++++ EXERCISE INPUTS

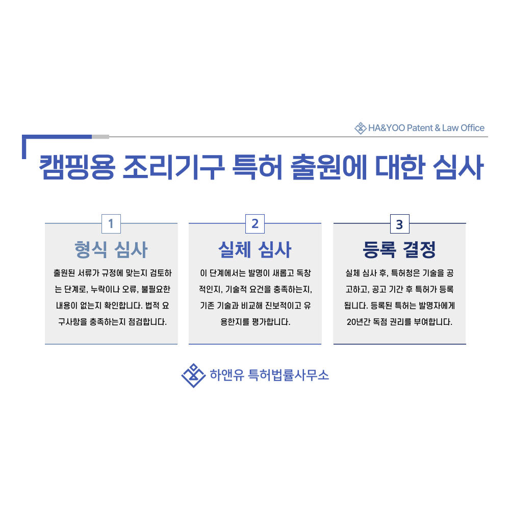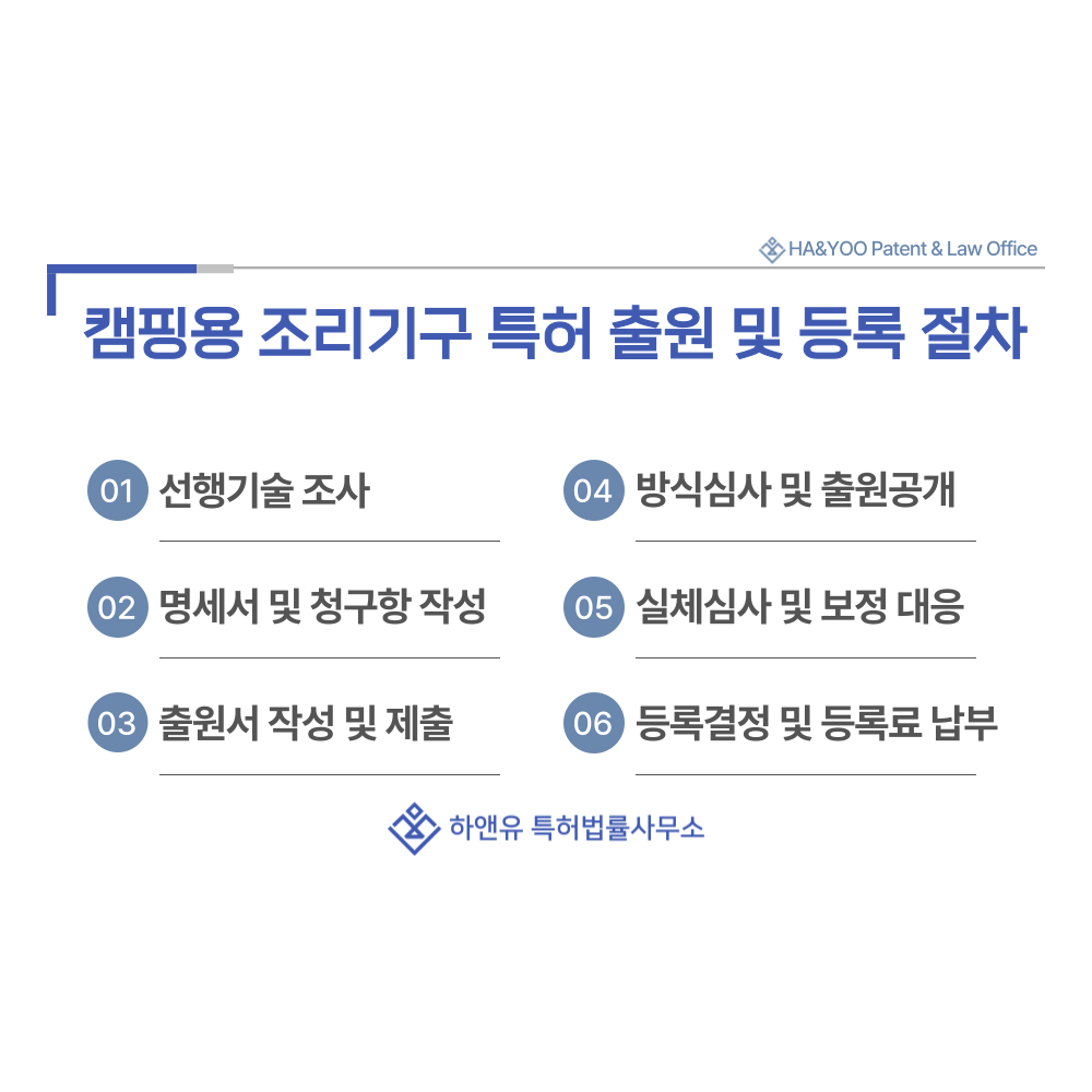 캠핑용 화구, 스토브, 버너, 그릴, 오븐 특허 출원 및 등록 방법, 절차 흐름과 특허권 효과 총정리
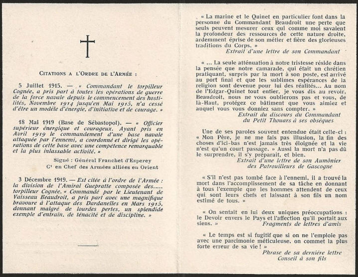 à l'expédition des Dardanelles et est cité à l'ordre de l'Armée
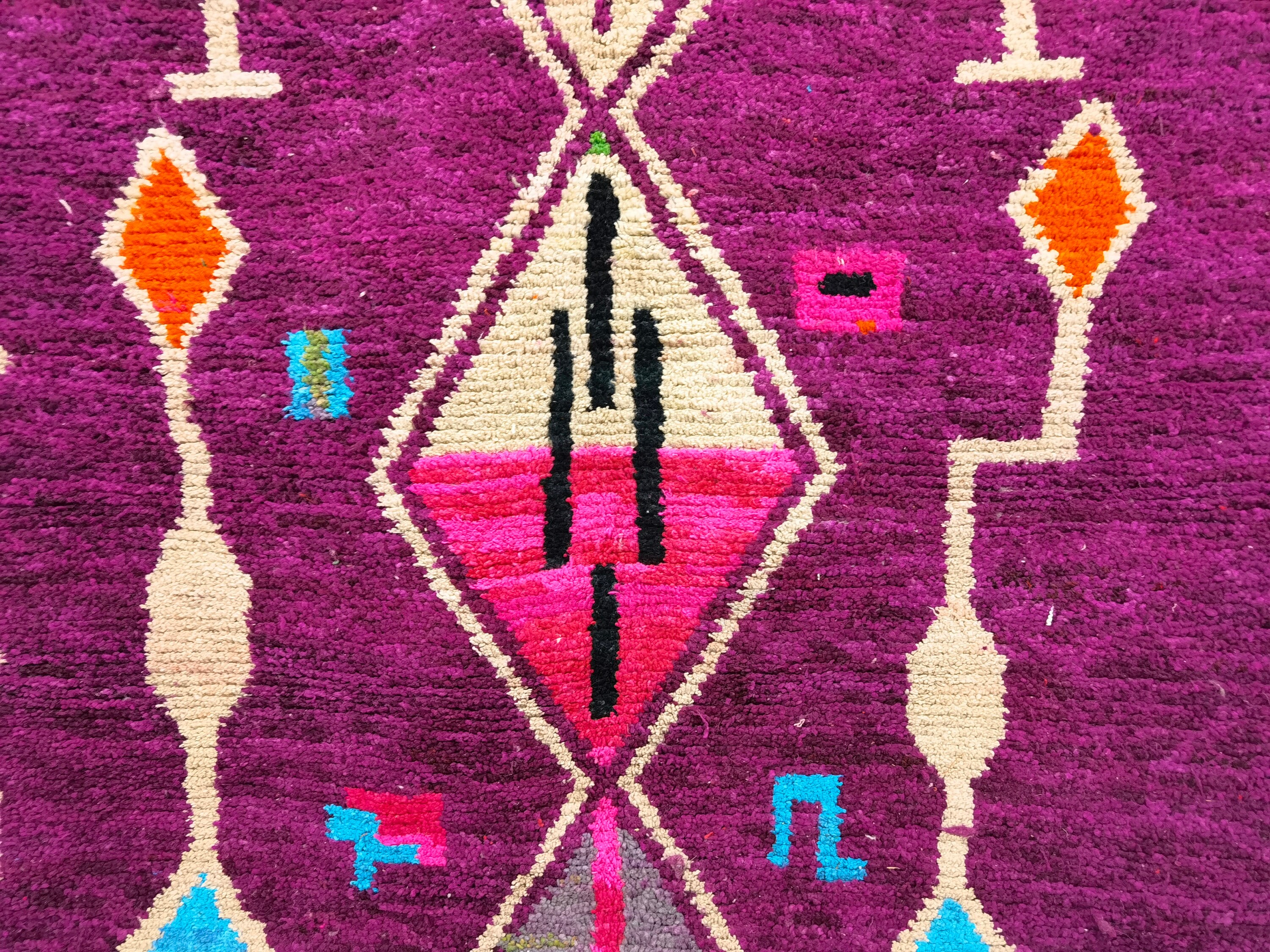 Immerse yourself in the stunning beauty of our Moroccan rug, expertly crafted from fuchsia pink and black Berber wool from the Beni Ourine tribe. Each thread tells a story of tradition and art.
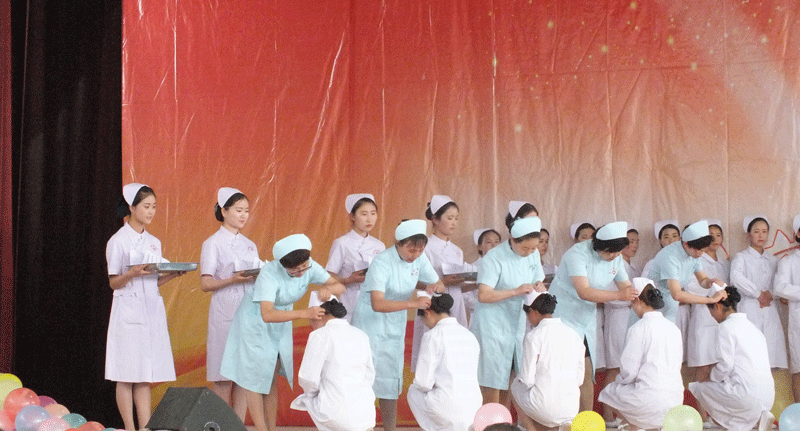 在授帽儀式上,來自護(hù)理系2016級(jí)的學(xué)生代表身著潔白的護(hù)士服,依次上臺(tái),由直屬附屬醫(yī)院的護(hù)士長(zhǎng)與護(hù)理系教師為其授予了燕尾帽,并接過了護(hù)理前輩手中的蠟燭,全體護(hù)士莊嚴(yán)宣誓,用愛去守護(hù)生命,用行動(dòng)去踐行南丁格爾誓言,獻(xiàn)身護(hù)理事業(yè),一頂頂質(zhì)樸的燕尾帽,一聲聲莊嚴(yán)的宣誓,進(jìn)一步讓護(hù)理專業(yè)學(xué)生們感受到了護(hù)士的責(zé)任與榮耀,此刻起,她們不但承擔(dān)起救死扶傷的神圣職責(zé),還肩負(fù)著發(fā)展護(hù)理事業(yè)的光榮使命。隨后,參會(huì)領(lǐng)導(dǎo)為學(xué)院第五屆護(hù)理技能大賽獲獎(jiǎng)團(tuán)體與個(gè)人頒發(fā)了獎(jiǎng)狀和榮譽(yù)證書。
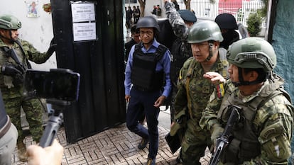 No es fácil decidir qué es normal y qué no, pero el Consejo Electoral de Ecuador definió este domingo como de “absoluta normalidad” el transcurso de las primeras horas de las elecciones presidenciales. En cierto modo, así fue. Todos los colegios electorales del país pudieron abrir sus puertas y los ciudadanos acudieron a las urnas sin mayores inconvenientes hasta su cierre a las cinco de la tarde. Hay imágenes, sin embargo, que cuestionan la normalidad de unas elecciones anticipadas marcadas por el asesinato de uno de los candidatos presidenciales hace 10 días. El sustituto de Fernando Villavicencio, Christian Zurita, llegó a la urna rodeado de militares y escudos como si alcanzara un frente de guerra, con casco y chaleco antibalas. Para los ecuatorianos, la normalidad hace tiempo que quedó atrás.
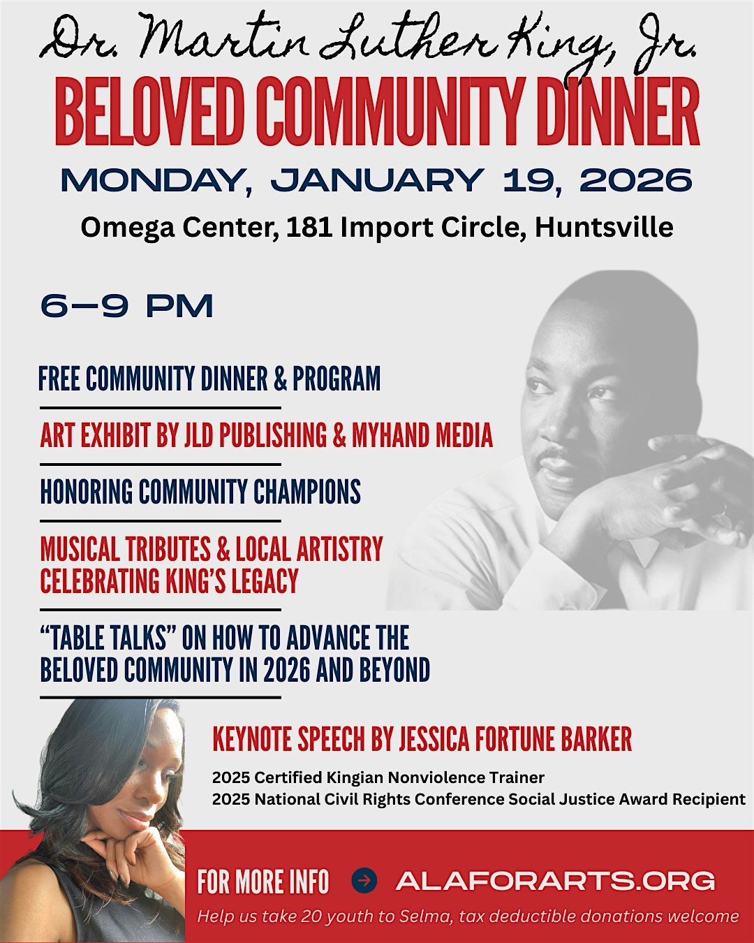 Join AL Association for the Arts and partners as we celebrate the legacy of Dr. Martin Luther King, Jr. for a free Beloved Community Dinner and Program featuring:

++++++++

> WORK INSTRUCTIONS
Exact copies of all the entries, without any pictures, are what the answer must contain.

> OUTPUT FOR THIS TASK
 캠핑용 화구, 스토브, 버너, 그릴, 오븐 특허 출원 및 등록 방법, 절차 흐름과 특허권 효과 총정리
 à l'expédition des Dardanelles et est cité à l'ordre de l'Armée
 Immerse yourself in the stunning beauty of our Moroccan rug, expertly crafted from fuchsia pink and black Berber wool from the Beni Ourine tribe. Each thread tells a story of tradition and art.
 在授帽儀式上,來自護(hù)理系2016級(jí)的學(xué)生代表身著潔白的護(hù)士服,依次上臺(tái),由直屬附屬醫(yī)院的護(hù)士長(zhǎng)與護(hù)理系教師為其授予了燕尾帽,并接過了護(hù)理前輩手中的蠟燭,全體護(hù)士莊嚴(yán)宣誓,用愛去守護(hù)生命,用行動(dòng)去踐行南丁格爾誓言,獻(xiàn)身護(hù)理事業(yè),一頂頂質(zhì)樸的燕尾帽,一聲聲莊嚴(yán)的宣誓,進(jìn)一步讓護(hù)理專業(yè)學(xué)生們感受到了護(hù)士的責(zé)任與榮耀,此刻起,她們不但承擔(dān)起救死扶傷的神圣職責(zé),還肩負(fù)著發(fā)展護(hù)理事業(yè)的光榮使命。隨后,參會(huì)領(lǐng)導(dǎo)為學(xué)院第五屆護(hù)理技能大賽獲獎(jiǎng)團(tuán)體與個(gè)人頒發(fā)了獎(jiǎng)狀和榮譽(yù)證書。
 No es fácil decidir qué es normal y qué no, pero el Consejo Electoral de Ecuador definió este domingo como de “absoluta normalidad” el transcurso de las primeras horas de las elecciones presidenciales. En cierto modo, así fue. Todos los colegios electorales del país pudieron abrir sus puertas y los ciudadanos acudieron a las urnas sin mayores inconvenientes hasta su cierre a las cinco de la tarde. Hay imágenes, sin embargo, que cuestionan la normalidad de unas elecciones anticipadas marcadas por el asesinato de uno de los candidatos presidenciales hace 10 días. El sustituto de Fernando Villavicencio, Christian Zurita, llegó a la urna rodeado de militares y escudos como si alcanzara un frente de guerra, con casco y chaleco antibalas. Para los ecuatorianos, la normalidad hace tiempo que quedó atrás.
 Join AL Association for the Arts and partners as we celebrate the legacy of Dr. Martin Luther King, Jr. for a free Beloved Community Dinner and Program featuring:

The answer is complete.